**Data shown**
==*==

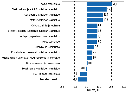 Tammi-maaliskuussa koko teollisuuden liikevaihto kasvoi runsaat 8 prosenttia vuodentakaisesta eli hieman enemmän kuin kolmella edellisellä vuosineljänneksellä. Koko teollisuuden kasvun nopeutumista tuki ensisijaisesti energia- ja vesihuollon liikevaihdon kääntyminen ripeähköön kasvuun. Muilla suurilla päätoimialoilla kasvu ei nopeutunut tammi-maaliskuussa edelliseen neljännekseen verrattuna mutta pysyi vahvana etenkin kemianteollisuudessa ja elektroniikka- ja sähkötuotteiden valmistuksessa. Myös koneiden ja laitteiden valmistuksessa liikevaihto kasvoi yhä kaksinumeroisin luvuin. Sen sijaan puu- ja paperiteollisuudessa liikevaihto väheni edellistä vuosineljännestä enemmän.
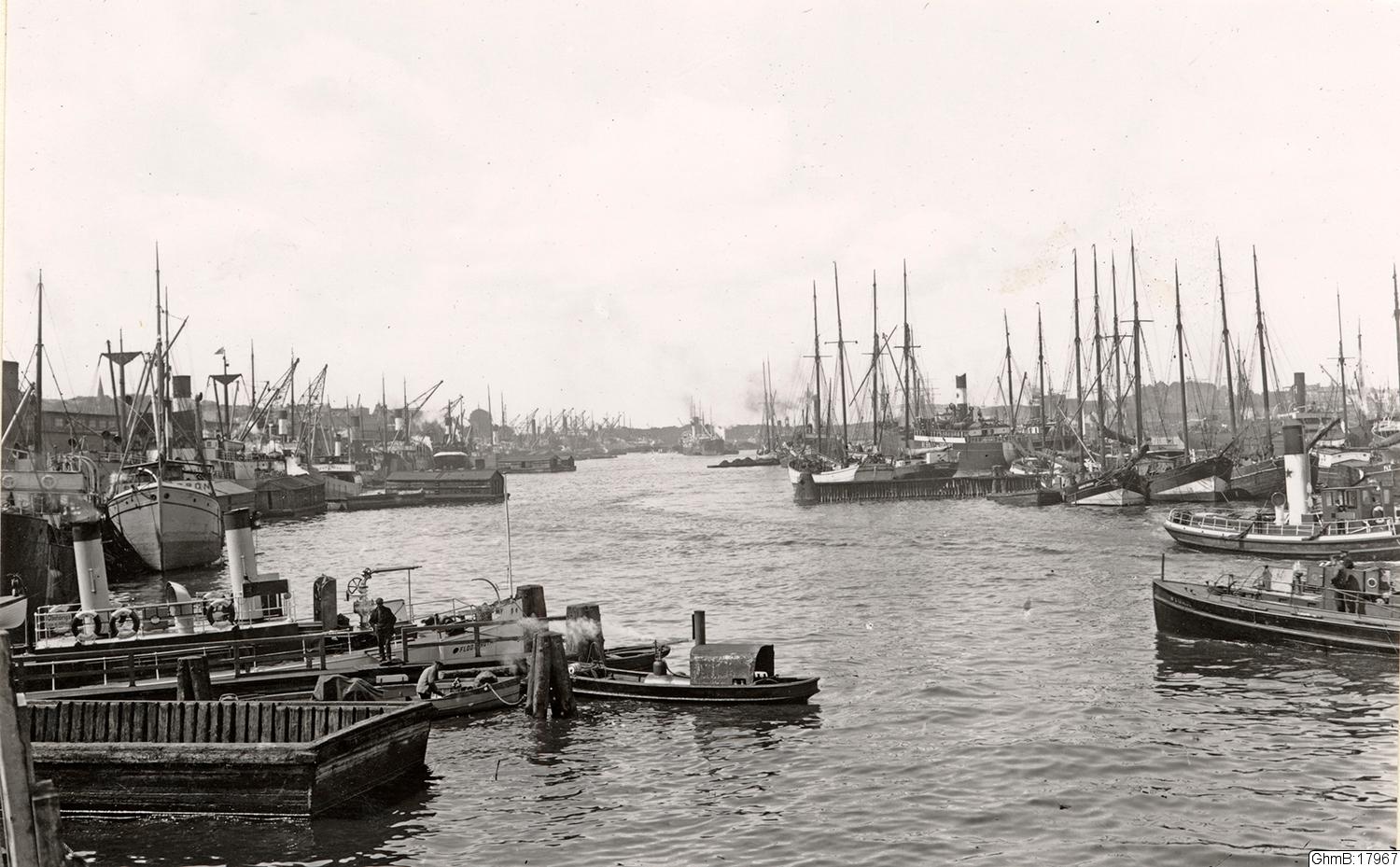 • Hamnen med blick västerut från Masthuggskajen. Till vänster Masthuggskajen och till höger syns Lyndholmen.
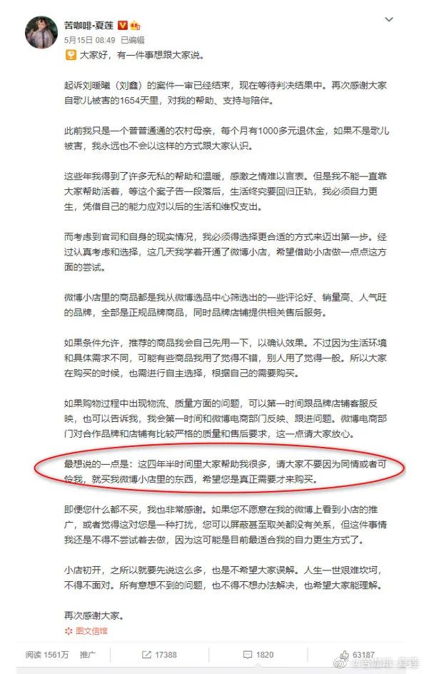 江秋莲开店时的微博不久之后,同样是新闻苦主、同样带货的林生斌人设翻车,一时之间还有“预言家”出来预言江母的翻车。江秋莲在自己的微博写下:“因为爱女江歌被害,因为江歌妈妈这个身份,我想做一个普通的电商店主都要备受非议”。对此,新京报评论曾指出:须分清的是,受害者带货不是为了赚钱而“卖惨”,而是在遭遇不幸或不公以后,尝试开启新的人生。对他们过上更好生活的努力,不应该阻拦和苛责。
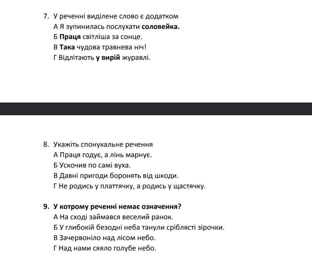 7) В реченні А ставимо питання від присудка: послухати кого? соловейка. Це є додаток, адже відповідає на питання непрямого відмінка (родового)
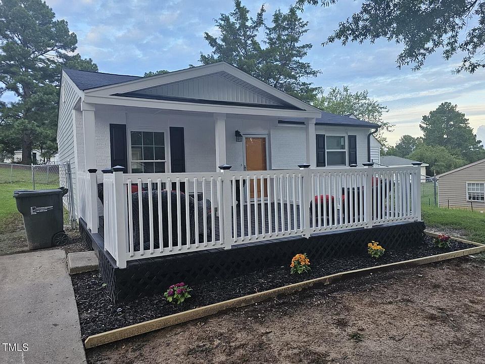 This beautiful starter home has been fully remodeled from the inside out. New roof, laminate flooring, paint (inside and outside), HVAC unit, windows, siding, granite countertops, 16 x 18 porch, doors, and light fixtures. There's also a storage shed that already has electricity. This home is located near Brier Creek and lots of shopping and food areas. Come and let this gem be yours today.
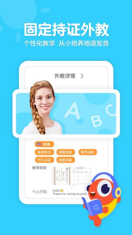 伴鱼少儿英语是一款为孩子提供英语学习的软件,具有优质的教育方式,根据孩子的年龄情况,为孩子制定合理的学习计划,帮助孩子更好的学习英语,让孩子从小养成学习的英语的习惯,更好的提升孩子的口语能力,使孩子能够拥有一口流利的英语知识,快速的进行使用;平台里有大量的学习资源,孩子可以根据自己的情况快速的进行选择,实时的满足你的学习需求,帮助孩子能够认识让更多的英语知识,高效的进行学习,获得优质的学习服务;平台里具有专业的老师在线进行教学,帮助学生更好的进行学习,让孩子能够感受到学习的乐趣。
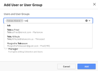 When adding users to a collection, the behavior is different than adding data sources to a templated dashboard or report.
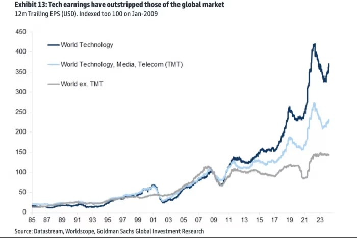 Tech Earnings Outstrip Those of the Global Market #chartoftheday (via @RobinWigg) Data compiled by Goldman Sachs Investment Research shows global technology companies’ earnings have signficantly exceeded that of companies in other sectors.
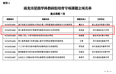 近日,南充市2025年度教育科研及星级学科教研组培育专项拟立项课题名单揭晓,南充龙门中学3项课题凭借扎实的研究基础、创新的研究视角成功立项。
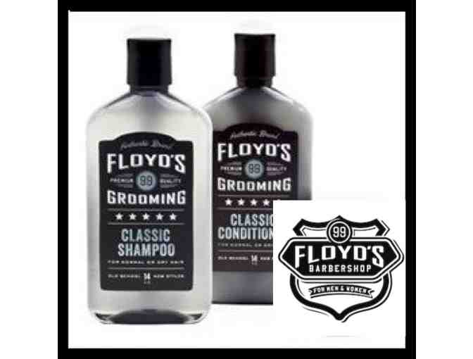 This package contains a $25 Gift Card for Floyd's Barbershop along with one set of Floyd's Grooming Classic Shampoo & Conditioner for Normal or Dry Hair (one 14 oz bottle of each).

==*==

**Assignment**
An exact printout of the entries is wanted, covering the first line through the line holding "7) В реченні", with pictures kept out of it.

**Solution**
 Tammi-maaliskuussa koko teollisuuden liikevaihto kasvoi runsaat 8 prosenttia vuodentakaisesta eli hieman enemmän kuin kolmella edellisellä vuosineljänneksellä. Koko teollisuuden kasvun nopeutumista tuki ensisijaisesti energia- ja vesihuollon liikevaihdon kääntyminen ripeähköön kasvuun. Muilla suurilla päätoimialoilla kasvu ei nopeutunut tammi-maaliskuussa edelliseen neljännekseen verrattuna mutta pysyi vahvana etenkin kemianteollisuudessa ja elektroniikka- ja sähkötuotteiden valmistuksessa. Myös koneiden ja laitteiden valmistuksessa liikevaihto kasvoi yhä kaksinumeroisin luvuin. Sen sijaan puu- ja paperiteollisuudessa liikevaihto väheni edellistä vuosineljännestä enemmän.
 • Hamnen med blick västerut från Masthuggskajen. Till vänster Masthuggskajen och till höger syns Lyndholmen.
 江秋莲开店时的微博不久之后,同样是新闻苦主、同样带货的林生斌人设翻车,一时之间还有“预言家”出来预言江母的翻车。江秋莲在自己的微博写下:“因为爱女江歌被害,因为江歌妈妈这个身份,我想做一个普通的电商店主都要备受非议”。对此,新京报评论曾指出:须分清的是,受害者带货不是为了赚钱而“卖惨”,而是在遭遇不幸或不公以后,尝试开启新的人生。对他们过上更好生活的努力,不应该阻拦和苛责。
 7) В реченні А ставимо питання від присудка: послухати кого? соловейка. Це є додаток, адже відповідає на питання непрямого відмінка (родового)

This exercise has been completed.